» Work order:
Please copy, exactly as written, the span from the first line below to the line that contains "Bad Marriage Mountain (8,350", including both, and skip the pictures.

Dataset records:
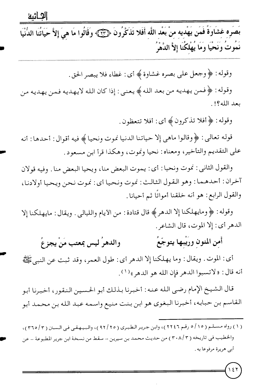 {بَصَره غشاوة فَمن يهديه من بعد الله أَفلا تذكرُونَ (23) وَقَالُوا مَا هِيَ إِلَّا حياتنا الدُّنْيَا نموت ونحيا وَمَا يُهْلِكنَا إِلَّا الدَّهْر}
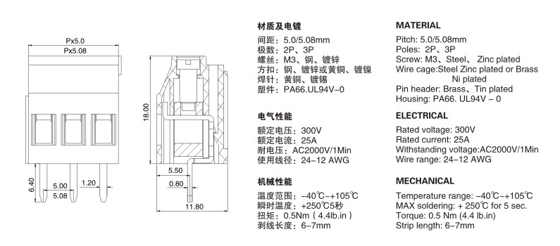 间距:5.0/5.08mm;极数:2P、3P;额定电压/电流:300V/25A
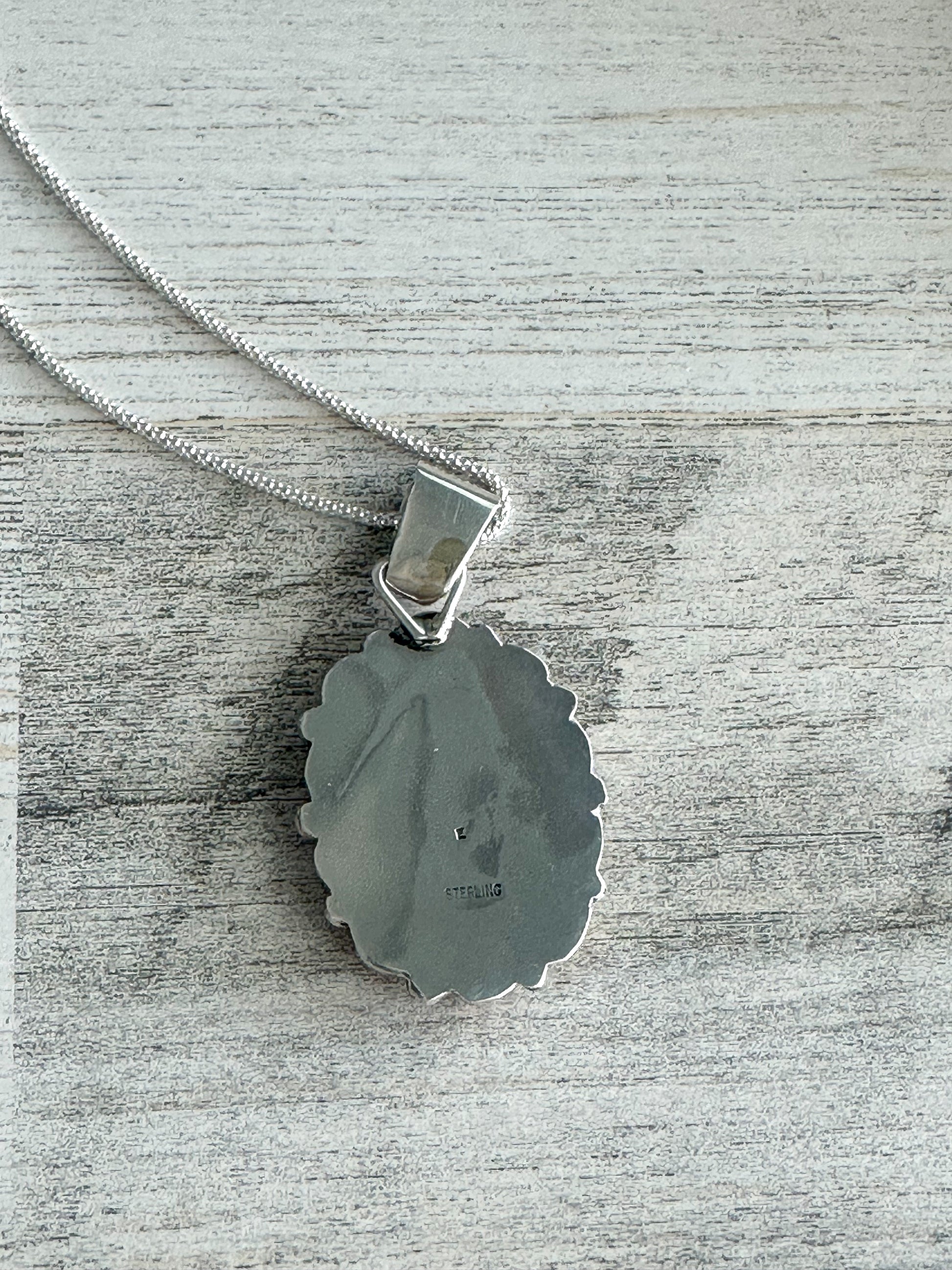 The pendant measures 2-1/8" long (including the bail) and 1-1/8" wide, with a 1/4" bail opening, making it a bold yet elegant statement piece. It comes beautifully paired with a classic 18" sterling silver chain, ready to wear right out of the box.
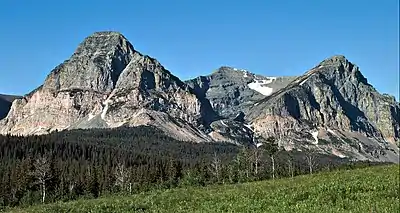 Bad Marriage Mountain (8,350 feet (2,545 m)) is located in the Lewis Range, Glacier National Park in the U.S. state of Montana.[3] The mountain was named by Superintendent E. T. Scoyen for a Blackfoot Indian leader Bad Married. Bad Marriage Mountain became the accepted colloquial name. At one time, the summit was called Elk Tongue by J.W. Schultz, an early chronicler of park geography and activities. Because no Blackfoot equivalent to Elk Tongue was found, the English name was dropped and Bad Marriage Mountain became the official name.[4]
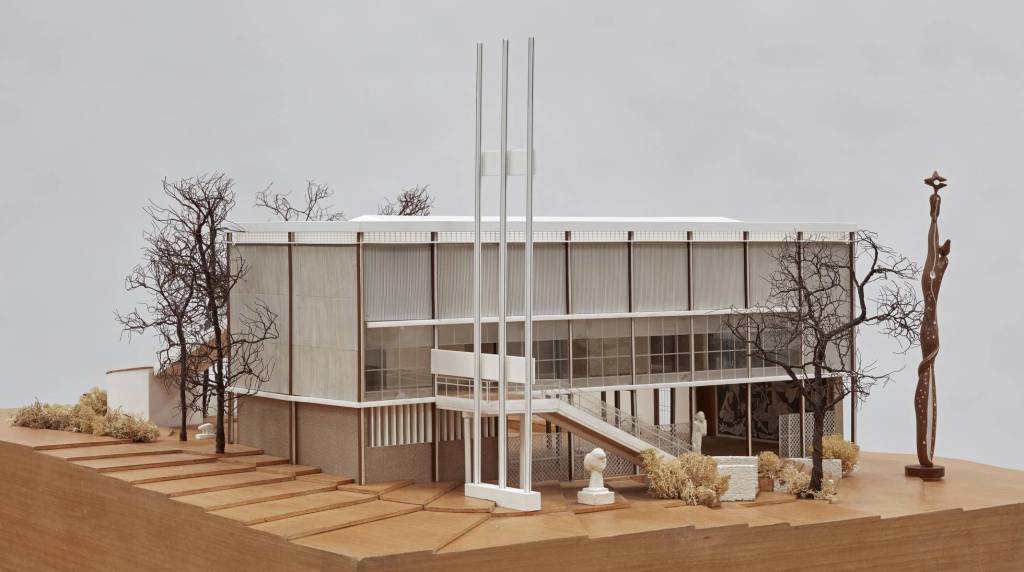 El edificio de la Fondation Maeght en Saint Paul de Vence de 1964 engloba su arquitectura con las artes visuales que tanto inspiraban a Sert. Un entorno en constante conversación con la naturaleza y el Mediterráneo como telón de fondo.Miró y Sert estudian juntos la maqueta de la Fondation Maeght. Su amistad se prolongará durante décadas con una profunda admiración mutua: en sus edificios Sert solamente utilizará la paleta de colores de Miró.
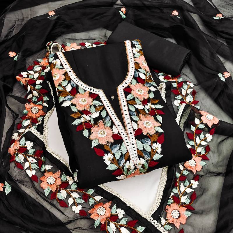 | Product Description | Stylish Heavy Thread Embroidery And Hand Work With Deisngner Thread Work Dupatta Straight Style 2.20 Mtr Unstitched Dress Material Top Of Black Colour Heavy Roman Silk Fabric Also Including 2.40 Mtr Chudidar Style Bottom Piece Material Of Black Colour Heavy Santoon Fabric With 2.20 Mtr Dupatta Of Black Colour Heavy Organza Fabric By Shadow & Saining Brand |
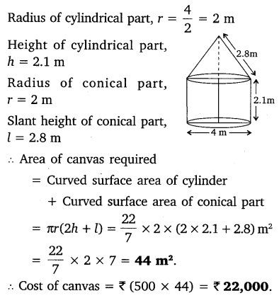 A tent is in the shape of a cylinder surmounted by a conical top. If the height and diameter of the cylindrical part are 2.1 m and 4 m respectively, and the slant height of the top is 2.8 m, find the area of the canvas used for making the tent. Also, find the cost of the canvas of the tent at the rate of ₹ 500 per m². (Note that the base of the tent will not be covered with canvas.)
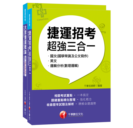 2B051071 捷運招考超強三合一﹝(含國文(國學常識及公文寫作)、英文、邏輯分析(數理邏輯)﹞ 出版日期:2017/12/25
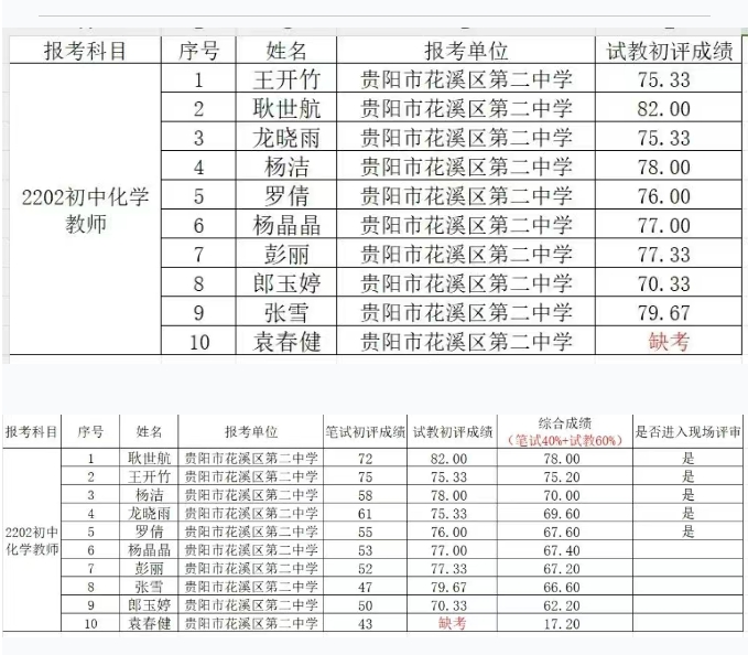 根据《第十三届贵州人才博览会贵阳贵安事业单位引进高层次及急需紧缺人才工作方案》《花溪区事业单位2025年引进高层次人才工作实施方案》要求,贵阳市花溪区第二中学人才引进专业测试初评试教成绩及进入现场评审名单如下:
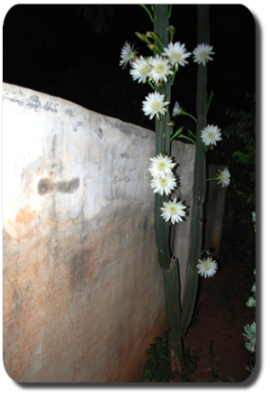 Wunderschön blühen diese Kakteen. Aber immer nur in der Nacht. Es sind so viele Blüten, dass wir uns jede Nacht dran erfreuen können.
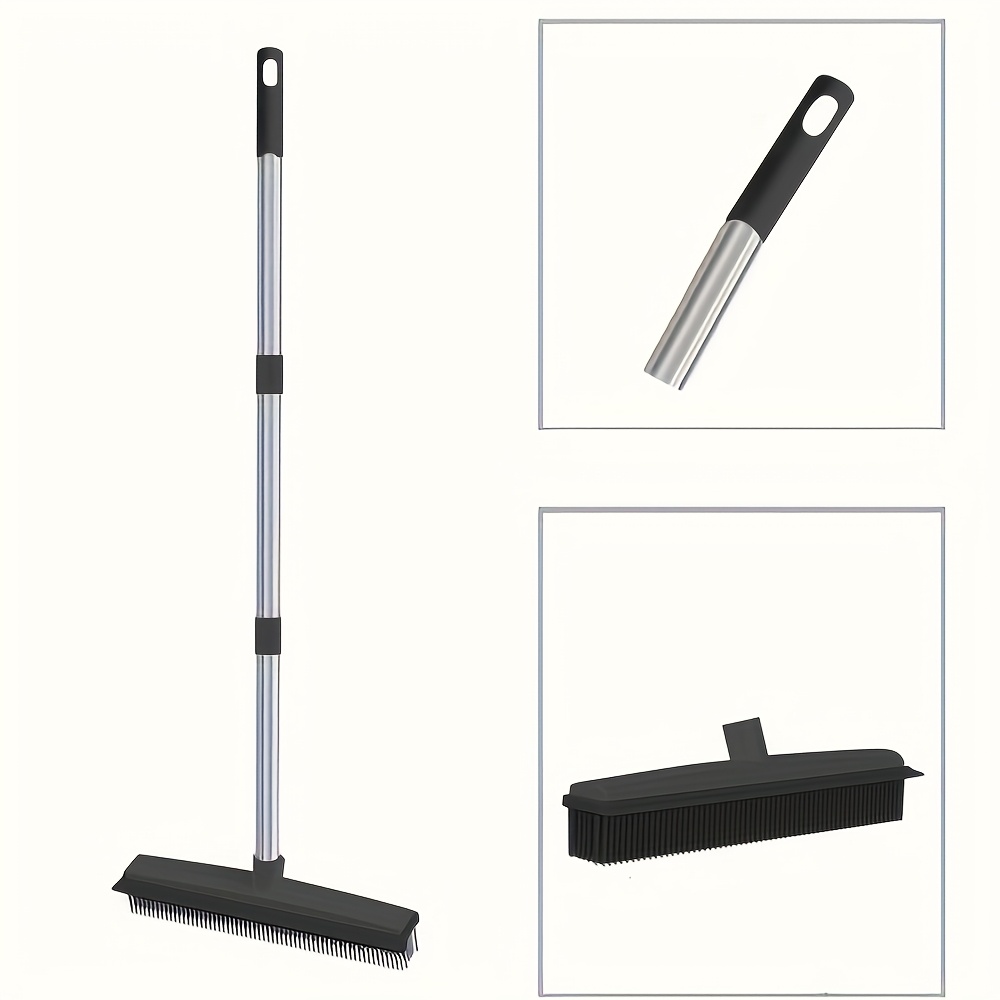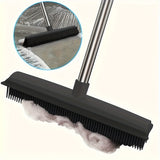 2-in-1 Heavy Duty Rubber Broom with Anti-Slip Handle - Multi-Surface Floor Cleaner for Carpets

» Response for this exercise:
 {بَصَره غشاوة فَمن يهديه من بعد الله أَفلا تذكرُونَ (23) وَقَالُوا مَا هِيَ إِلَّا حياتنا الدُّنْيَا نموت ونحيا وَمَا يُهْلِكنَا إِلَّا الدَّهْر}
 间距:5.0/5.08mm;极数:2P、3P;额定电压/电流:300V/25A
 The pendant measures 2-1/8" long (including the bail) and 1-1/8" wide, with a 1/4" bail opening, making it a bold yet elegant statement piece. It comes beautifully paired with a classic 18" sterling silver chain, ready to wear right out of the box.
 Bad Marriage Mountain (8,350 feet (2,545 m)) is located in the Lewis Range, Glacier National Park in the U.S. state of Montana.[3] The mountain was named by Superintendent E. T. Scoyen for a Blackfoot Indian leader Bad Married. Bad Marriage Mountain became the accepted colloquial name. At one time, the summit was called Elk Tongue by J.W. Schultz, an early chronicler of park geography and activities. Because no Blackfoot equivalent to Elk Tongue was found, the English name was dropped and Bad Marriage Mountain became the official name.[4]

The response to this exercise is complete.